Italian-Thai Development was also contracted to build a section of a China-backed high-speed rail project where a huge crane fell on Wednesday, in Nakhon Ratchasima province, derailing a passenger train below and killing 32 of nearly 200 people on board.
In a note to Thailand's stock exchange, Italian-Thai expressed condolences to the victims' of the crane accident on Thursday, saying it would provide compensation.
The firm also pledged to "review and improve safety measures to be more thorough and stringent moving forward", the note said.
Italian-Thai earlier promised compensation to victims of Wednesday's crane collapse and train derailment.
The company -- one of Thailand's biggest construction firms -- has seen several deadly accidents at its sites in recent years.
The crane that fell Thursday at the under-construction Rama II Expressway in Samut Sakhon province, outside Bangkok, left two people dead, a police official told AFP from the scene.
Thai Prime Minister Anutin Charnvirakul told reporters his government would terminate the contracts with the contractor of the two projects where the accidents occurred, without specifying a firm by name.
Anutin said legal action would be taken and the contractor would be blacklisted.
"It has happened three or four times by one contractor. The government is not comfortable letting this kind of company work for the government," he said.
- 'Death Road' -
In other verified footage from the same vehicle as the dashcam, someone is heard saying: "I almost died... Please pull over first".
Another person replies: "That's okay now. It's not falling further."
"That was close," the first person says.
Rescue worker Sutthiwat Thanomsat told AFP he arrived at the scene shortly after the crane crashed down, and witnessed the aftermath of a pickup truck driver killed by the impact.
The Rama II Expressway, a main artery linking the capital to Thailand's south, hosts several major infrastructure projects, including tollway construction.
Construction work has been underway for years to expand the road's capacity and reduce congestion but the project has been beset by delays and fatalities, earning it the nickname "Death Road".
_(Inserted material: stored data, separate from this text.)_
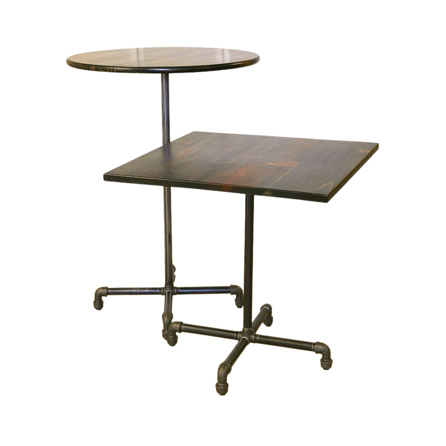 Edison high top pedestal tables are available with a square or round finished top. They can be used with either a 30″ height base for seated events or a 42″ height base for standing events. There is no need for linen as these tables are meant to be shown off. Perfect for any event with a rustic, antique, Victorian or industrial theme or decor.
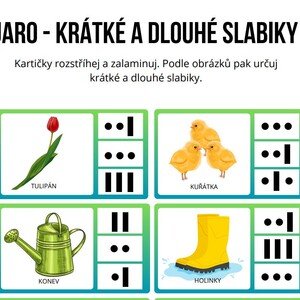 V souboru naleznete 58 kartiček s jarní tématikou. Děti pojmenují předmět na obrázku a mají za úkol určit krátké a
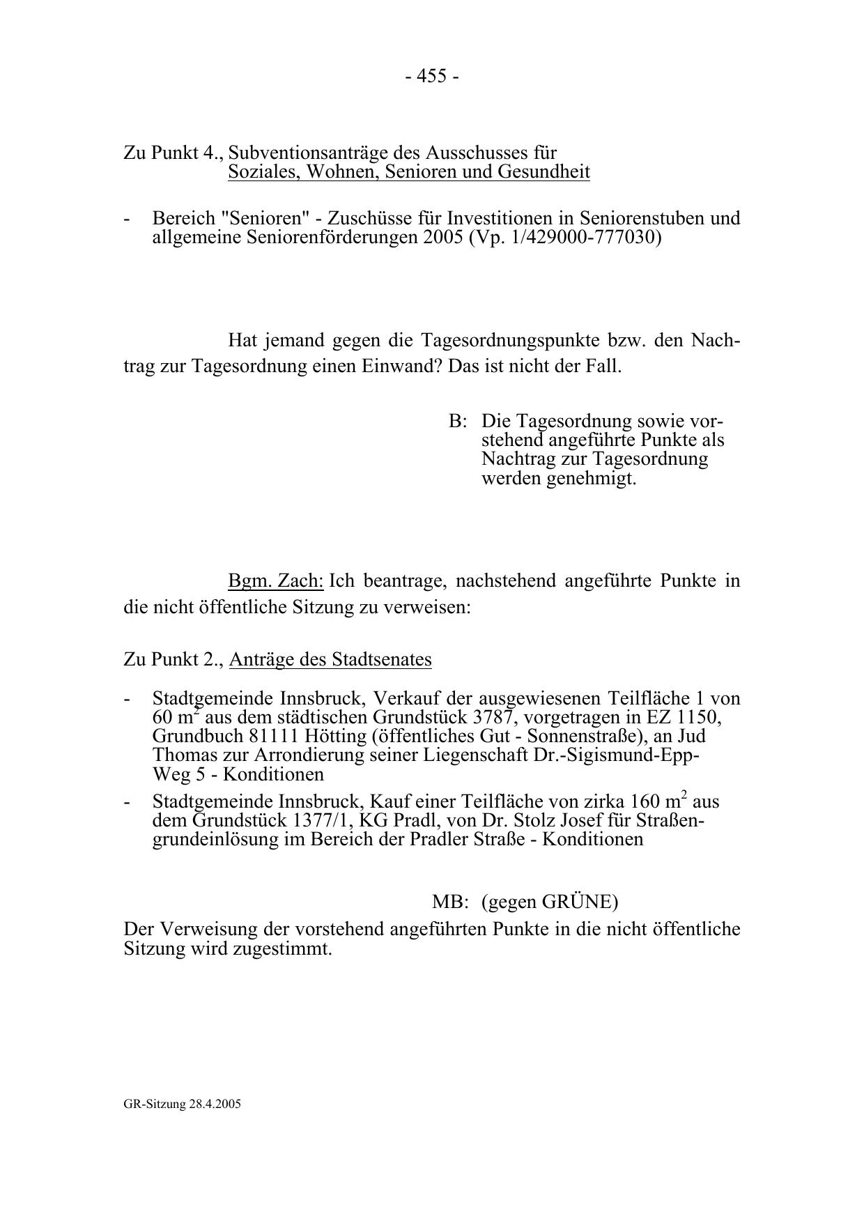 Bgm. Zach: Ich beantrage, nachstehend angeführte Punkte in
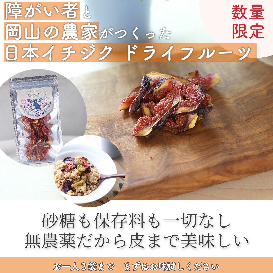 岡山の働く障がい者と無農薬栽培のイチジク農家を一緒に作りあげた無添加ドライフルーツが誕生しました。太田さんの農園には昨年 松岡修造さんもロケで来てくださいました。今年は厳しい天候不順で、岡山の桃やブドウも厳しい影響を受けています。西日本名産でもある日本イチジクもかなり生育でご苦労されて収穫タイミングが大きくずれてしまいました。
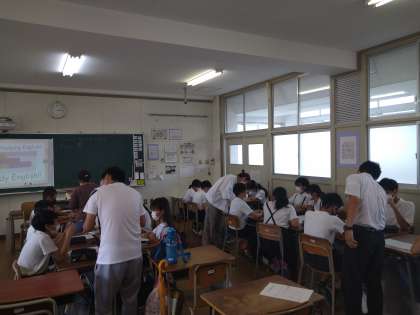 英語は、ペアワークで先生からの「ミッション」を遂行していました。
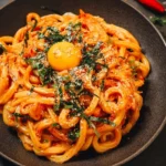 A comforting bowl of creamy gochujang udon noodles, blending Japanese and Korean flavors into a delicious fusion dish.

Surachai Wongho, a 61-year-old retiree who drives on Rama II regularly, said he is haunted by the thought that one day he could be hurt in an accident.
"It's the same incident happening over and over again in Thailand. It's time for the government to do something," he told AFP.
In March, a concrete beam forming part of an under-construction elevated roadway collapsed on Rama II, killing several people.
A crane collapse in November 2024 killed at least three workers.
- Silent prayers -
The incident on Thursday followed the crane collapse in Nakhon Ratchasima a day earlier, one of Thailand's deadliest rail accidents in years.
A massive launching gantry crane, used by Italian-Thai in the construction of a high-speed rail project, collapsed onto a passenger train below.
At the site of the deadly accident on Thursday, construction workers milled around the scene, snapping photos of the wreckage, as relatives of victims visited to mourn and pray in silence.
The crane was left hanging off giant concrete pillars, built to hold up the future elevated high-speed rail line -- a joint Thailand-China endeavour.
The nation's rail operator said it ordered Italian-Thai to halt construction until an investigation was completed.
The crane operator was Thai and had fallen and died in Wednesday's accident, an Italian-Thai worker who declined to give her name told AFP.